TASK GOAL:
Please copy every record below exactly, leaving out the pictures.

◇ ◇ ◇ ◇ ◇ ◇ ◇

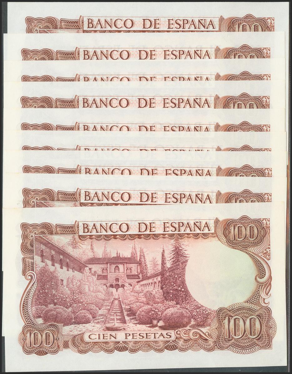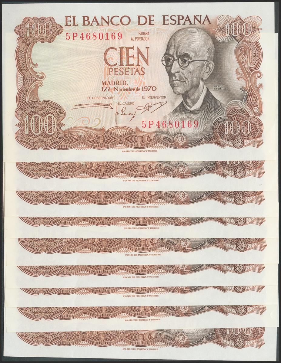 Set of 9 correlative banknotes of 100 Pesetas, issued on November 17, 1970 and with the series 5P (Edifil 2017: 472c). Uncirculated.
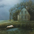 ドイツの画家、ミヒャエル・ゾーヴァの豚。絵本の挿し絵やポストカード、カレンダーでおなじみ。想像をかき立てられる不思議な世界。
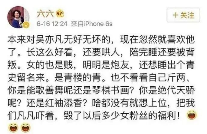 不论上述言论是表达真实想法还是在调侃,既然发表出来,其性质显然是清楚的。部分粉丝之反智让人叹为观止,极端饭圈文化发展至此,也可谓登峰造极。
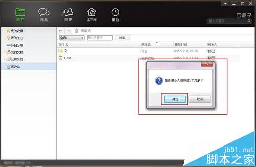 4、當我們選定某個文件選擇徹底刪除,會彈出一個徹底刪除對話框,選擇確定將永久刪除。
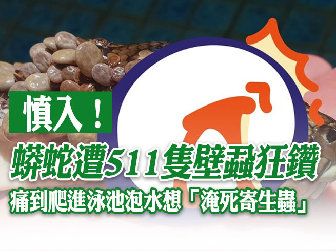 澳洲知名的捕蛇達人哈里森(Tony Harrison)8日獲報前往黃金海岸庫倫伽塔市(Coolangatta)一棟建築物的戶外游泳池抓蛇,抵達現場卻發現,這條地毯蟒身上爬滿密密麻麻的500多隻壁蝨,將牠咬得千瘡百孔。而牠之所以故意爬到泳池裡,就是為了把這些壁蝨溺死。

◇ ◇ ◇ ◇ ◇ ◇ ◇

REPLY TO THE EXERCISE:
 Set of 9 correlative banknotes of 100 Pesetas, issued on November 17, 1970 and with the series 5P (Edifil 2017: 472c). Uncirculated.
 ドイツの画家、ミヒャエル・ゾーヴァの豚。絵本の挿し絵やポストカード、カレンダーでおなじみ。想像をかき立てられる不思議な世界。
 不论上述言论是表达真实想法还是在调侃,既然发表出来,其性质显然是清楚的。部分粉丝之反智让人叹为观止,极端饭圈文化发展至此,也可谓登峰造极。
 4、當我們選定某個文件選擇徹底刪除,會彈出一個徹底刪除對話框,選擇確定將永久刪除。
 澳洲知名的捕蛇達人哈里森(Tony Harrison)8日獲報前往黃金海岸庫倫伽塔市(Coolangatta)一棟建築物的戶外游泳池抓蛇,抵達現場卻發現,這條地毯蟒身上爬滿密密麻麻的500多隻壁蝨,將牠咬得千瘡百孔。而牠之所以故意爬到泳池裡,就是為了把這些壁蝨溺死。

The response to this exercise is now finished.